When Debbie Harry and Chris Stein regrouped Blondie for the albums “No Exit” (1999) and “The Curse of Blondie” (2003), Burke was on board for recording and touring, and was inducted with the rest of the band into the Rock and Roll Hall of Fame in 2006.

Burke still continued with other sessions and other shows such as joining Slinky Vagabond with David Bowie guitarist Earl Slick and Sex Pistol Glen Matlock for their debut concert at the Joey Ramone Birthday Bash in 2007. Burke joined with Matlock again in 2011, for the International Swingers with one-time Generation X guitarist James Stevenson of Generation X and singer Gary Twinn of Supernaut.

Burke also founded the Clem Burke Drumming project for the investigation of the physical and mental-health benefits of drumming after having worked through a similar project at the University of Gloucestershire and the University of Chichester that studied the physical and psychological effects of drumming and the stamina required by drummers.
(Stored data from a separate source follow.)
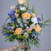 Pakkaamme hautakimppuihin hyvän kosteuden mukaan ja laitamme varsien peitoksi kauniin vihreän kuitukankaan. Halutessasi voit sen irroittaa ennen kimpun laskemista.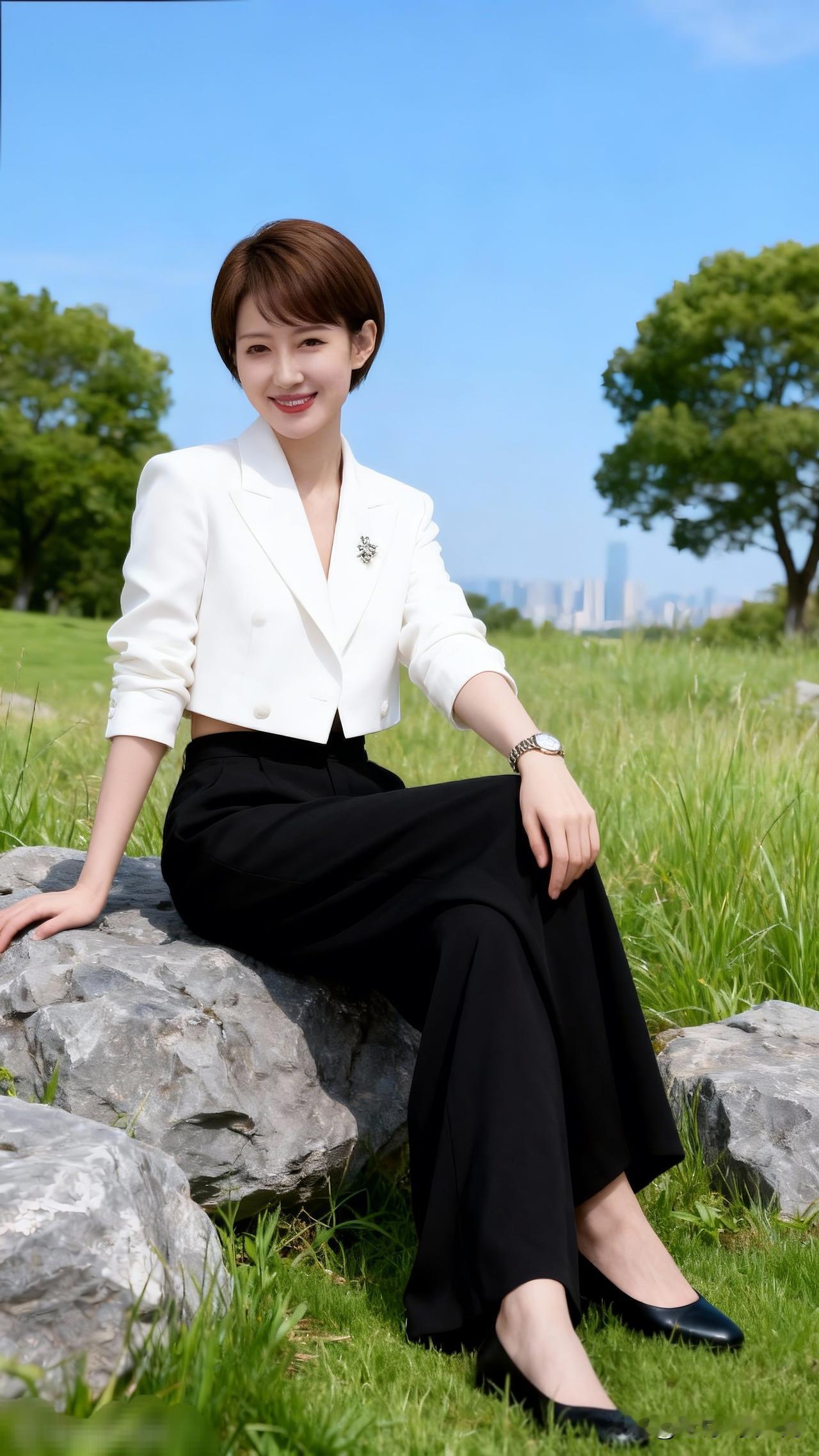 优雅职场风,黑裤白西装,都市女性魅力。有没有一种笑容让你怦然心动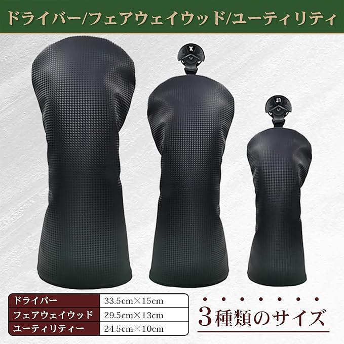 高品質で柔らかなPVCレザー素材を使用。 高級感のあるデザインと滑らかな手触りを実現。 バリエーション:ドライバー単品、フェアウェイウッド単品、 ユーティリティー単品 フルセット(ドライバー1個・フェアウェイウッド2個・ユーティリティー1個の4個セット) 各種に色のバリエーションがあります:白レザー調・黒レザー調・カーボン調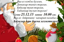 Сезне якынлашып килүче Яңа 2016 нче ел белән нчын күңелдән котлыйбыз! Сезгә исәнлек-саулык, бәхет-шатлык, тыныч тату тормыш телибез. Яңа ел Сезгә бары тик яңадан-яңа уңышлар, бәхет алып килсен. Сезне 25 нчы декабрь көнне Яңа ел тамашасына чакырабыз.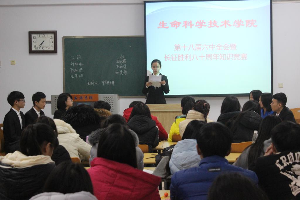 为贯彻学习十八届六中全会精神、纪念长征胜利八十周年,12月21日晚,生命科学技术学院在A14-601举行了以十八届六中全会暨长征胜利八十周年为主题的知识竞赛,生命科学技术学院两支代表队参与此次比赛,学生会主席团及各部部长担任评委。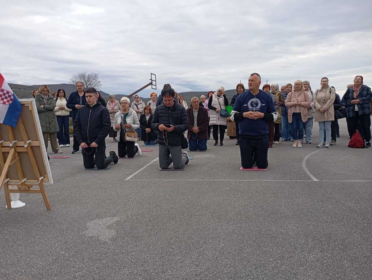 Program je započeo molitvom krunice na igralištu kraj srušene stare svećeničke kuće, mjestu koje nosi snažnu simboliku za ovaj kraj. Okupljeni vjernici, mnogi od njih klečeći na otvorenom prostoru, u sabranosti su uzdizali svoje molitve Nebeskoj Majci.
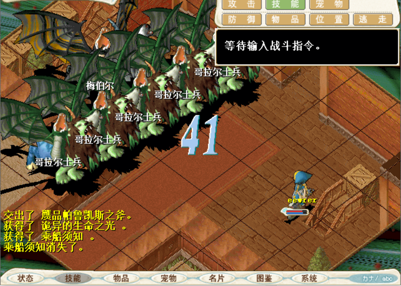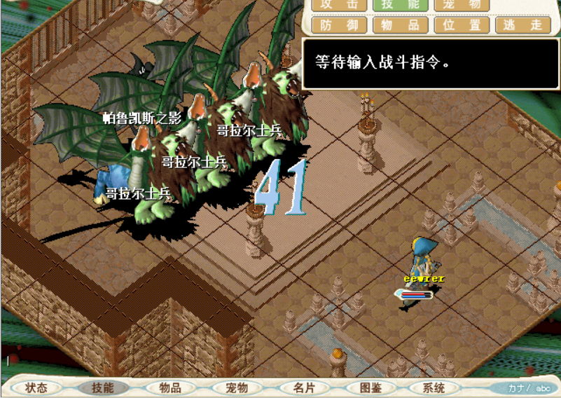 Lv.100哥拉尔士兵(奇美拉)*5,血量13000 邪魔系 60水40地 技能:攻击、防御、石化攻击、混乱攻击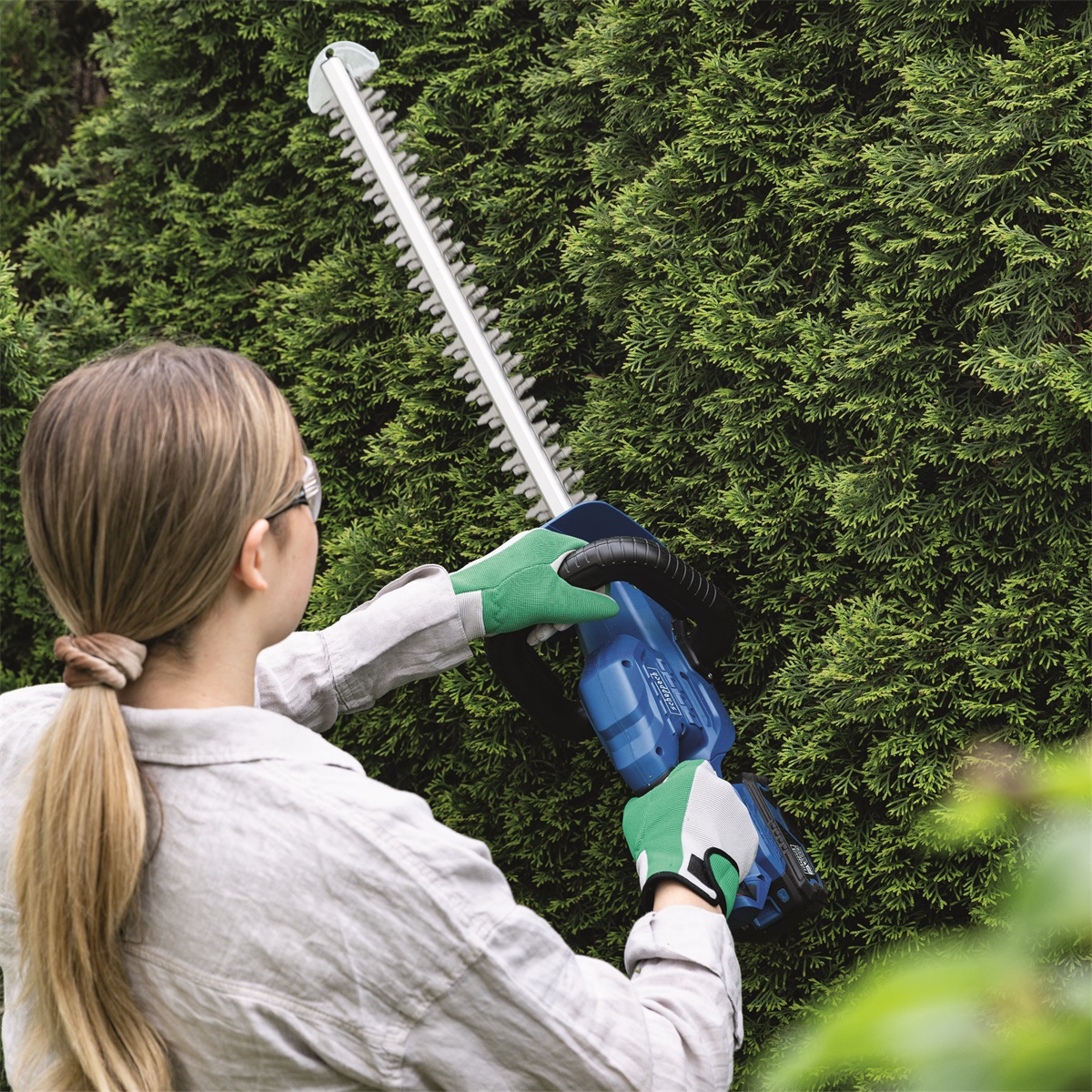 Nůžky jsou vybaveny výkonnou čepelí o délce 560 mm, která nabízí 2400 střihů za minutu a umožňuje tak přesný střih až do délky 510 mm. Jsou vhodné pro větve do průměru 16 mm, což z nich činí ideální nástroj pro pravidelnou údržbu zahrady. Ergonomické rukojeti s měkkým povrchem zaručují pohodlné držení a snadnou manipulaci. Součástí balení je ochranný kryt na lištu, který usnadňuje bezpečné skladování. Navíc mají nůžky integrovaný držák pro zavěšení na zeď, takže se dobře skladují. Tyto akumulátorové nůžky na živý plot vám usnadní zahradní práce a zaručí skvělé výsledky při minimálním úsilí. Stroj se dodává bez baterie a nabíječky.

That stamina pushed Burke through additional Blondie albums “Panic of Girls” (2011) and “Pollinator” (2017), which the band continued to tour into 2022, while maintaining his old school New York City punk cred in 2016 and 2017 by playing dates as a member of L.A.M.F., a Johnny Thunders tribute act featuring Walter Lure, Mike Ness and Glen Matlock, with a live album recorded at the Bowery Electric released in December 2017.

Burke is survived by his wife of 23 years, Ellen Burke.